When Hancock Health was hobbled by ransomware, it wasn’t for the usual reasons. No one had clicked a suspicious link in a phishing email. It had its system fully backed up and recoverable.

The attack came from an outside vendor. Hackers stole credentials from one of Hancock Health’s hardware providers, then targeted the hospital’s backup site.

They delivered the ransomware via the connection between the backup site and the hospital’s main site server farm, compromising the backups, the connection and the hospital’s records.

After consulting with their cybersecurity partner, Hancock Health paid the attackers about $55,000 in bitcoin, which was cheaper than fixing its system on its own, and it still took over three days for everything to return to normal.

Looking at the series of events, three major takeaways immediately jump out from Hancock Health’s ransomware attack and recovery.

By taking the following steps, a healthcare organization could avoid a similar fate.

Keep backups separate through segmentation
Maintaining backups is of course key to defeating ransomware. If an organization is able to quarantine the infected machines, they can simply wipe them and reimage them from backups without having to pay a cent in bitcoin.

The trick, of course, is keeping backups clean.
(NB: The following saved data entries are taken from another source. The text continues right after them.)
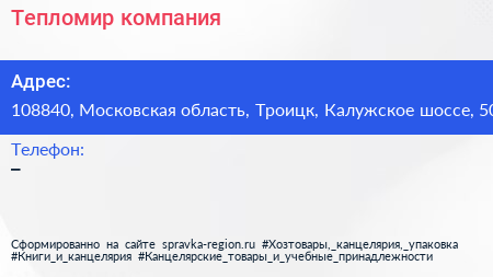Тепломир, компания по адресу 108840, Московская область, Троицк, Калужское шоссе, 50 в дальнейшем Организация, размещена в следующих категориях:
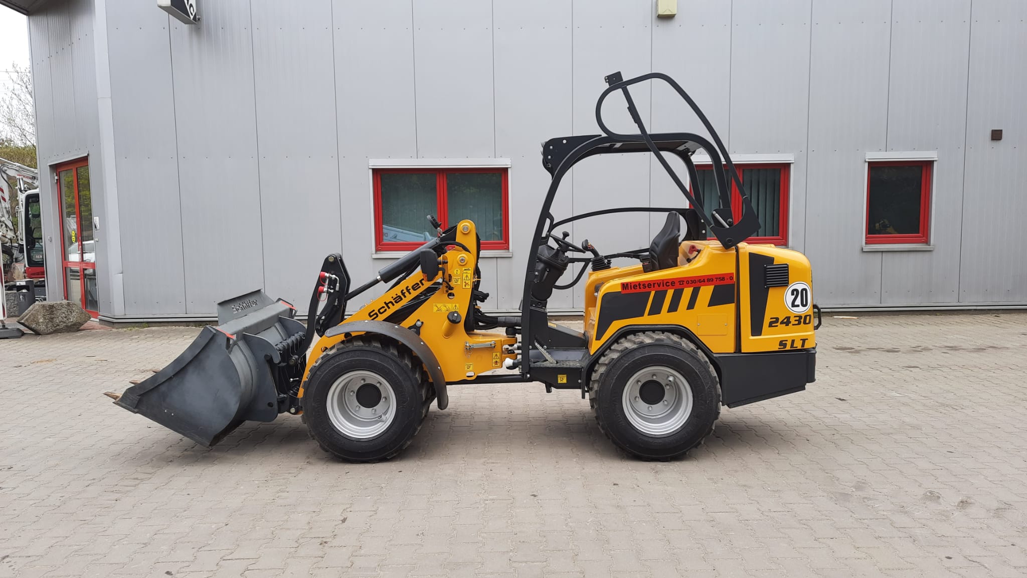 Der Schäffer 2430 (SLT) plaziert sich als äußerst vielseitiger und effizienter Kompakt-Radlader am Markt. Das Einsatzgewicht beträgt je nach Ausstattung zwischen 2,4 und 2,6 t. Trotz dieses sehr niedrigen Gewichts ist die Maschine in der Lage, bis zu 1,9 t schwere Pflastersteinpaletten zu verfahren.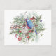 Christmas Nature Illustration with Bird & Berries Holiday Postcard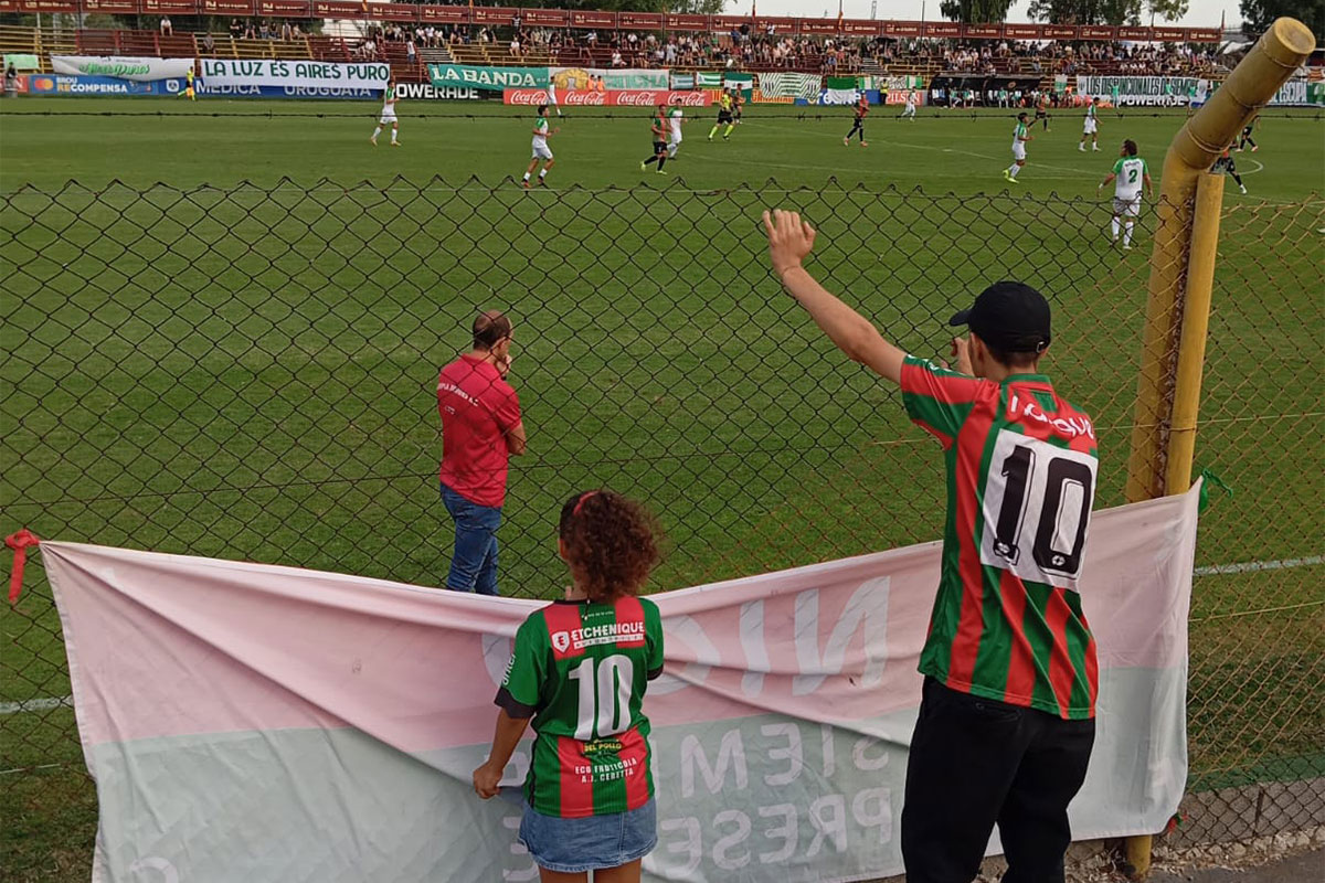 “Bien Buffa, bien Buffa”, gritan un par de hinchas ante un jugador que jugó finales de Copa Libertadores, fue suplente en la selección y hoy transpira en un estadio que supone un contrapeso romántico al fútbol mega profesional que llega por imágenes desde Europa: tribunas y alambrados bajos, sin asientos para plateas y con un container como cabina de prensa. “No, Buffa, andá para adelante, parece la selección esto”, se queja otro simpatizante, en referencia a la falta de verticalidad de la Celeste de Marcelo Bielsa.

In a flat network like the one at Hancock Health, everything’s accessible at the same level. Hackers with access to the backups were able to get access to the main data center. Had the backups been segmented, the criminals still would have disrupted the hospital’s operations, but the recovery could have been quicker and easier.
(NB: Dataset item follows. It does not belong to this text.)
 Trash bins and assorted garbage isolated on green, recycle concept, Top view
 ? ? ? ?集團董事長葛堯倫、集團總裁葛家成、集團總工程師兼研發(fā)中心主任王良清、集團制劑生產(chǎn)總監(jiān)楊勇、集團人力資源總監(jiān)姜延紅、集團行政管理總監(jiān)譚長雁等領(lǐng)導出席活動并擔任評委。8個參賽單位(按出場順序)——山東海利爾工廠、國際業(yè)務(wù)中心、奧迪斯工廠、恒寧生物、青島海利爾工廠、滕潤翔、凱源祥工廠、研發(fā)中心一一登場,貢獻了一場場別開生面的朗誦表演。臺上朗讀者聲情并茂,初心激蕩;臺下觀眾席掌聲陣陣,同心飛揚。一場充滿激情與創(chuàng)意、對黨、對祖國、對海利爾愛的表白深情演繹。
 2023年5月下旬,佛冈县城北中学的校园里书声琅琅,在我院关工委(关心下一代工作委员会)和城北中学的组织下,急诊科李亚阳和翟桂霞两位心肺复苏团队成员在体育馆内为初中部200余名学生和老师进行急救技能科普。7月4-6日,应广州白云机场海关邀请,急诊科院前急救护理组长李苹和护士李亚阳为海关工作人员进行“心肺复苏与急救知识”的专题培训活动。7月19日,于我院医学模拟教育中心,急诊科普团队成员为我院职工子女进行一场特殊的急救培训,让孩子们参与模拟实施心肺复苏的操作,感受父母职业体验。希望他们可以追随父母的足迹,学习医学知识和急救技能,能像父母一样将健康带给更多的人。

By putting up firewalls with strict filtering between different network segments, an organization can quarantine an attack from backups. With properly segmented networks, it can just close off the infected segment and reimage the infected machines.

Manage vendors with an eye toward security
No matter how much ransomware training is provided to employees, and no matter how many internal processes are in place, one vulnerable vendor can still leave an organization’s systems open.

Was that Hancock Health vendor categorized as a critical service provider? How much due diligence was conducted when reviewing its security posture? Was there a plan to break the kill chain in case the vendor was compromised?

A supply chain affects an organization in many ways, and one of the most commonly overlooked aspects of any relationship is cybersecurity. Now more than ever, organizations need to thoroughly vet partners that have sensitive access to their systems and keep close tabs on who has credentials.

Another caveat is that an organization’s systems don’t even have to be affected. When vendors shut down from a ransomware attack, an organization can still lose essential services. Allscripts had several applications knocked offline after ransomware gripped two of its data centers, affecting a variety of healthcare providers.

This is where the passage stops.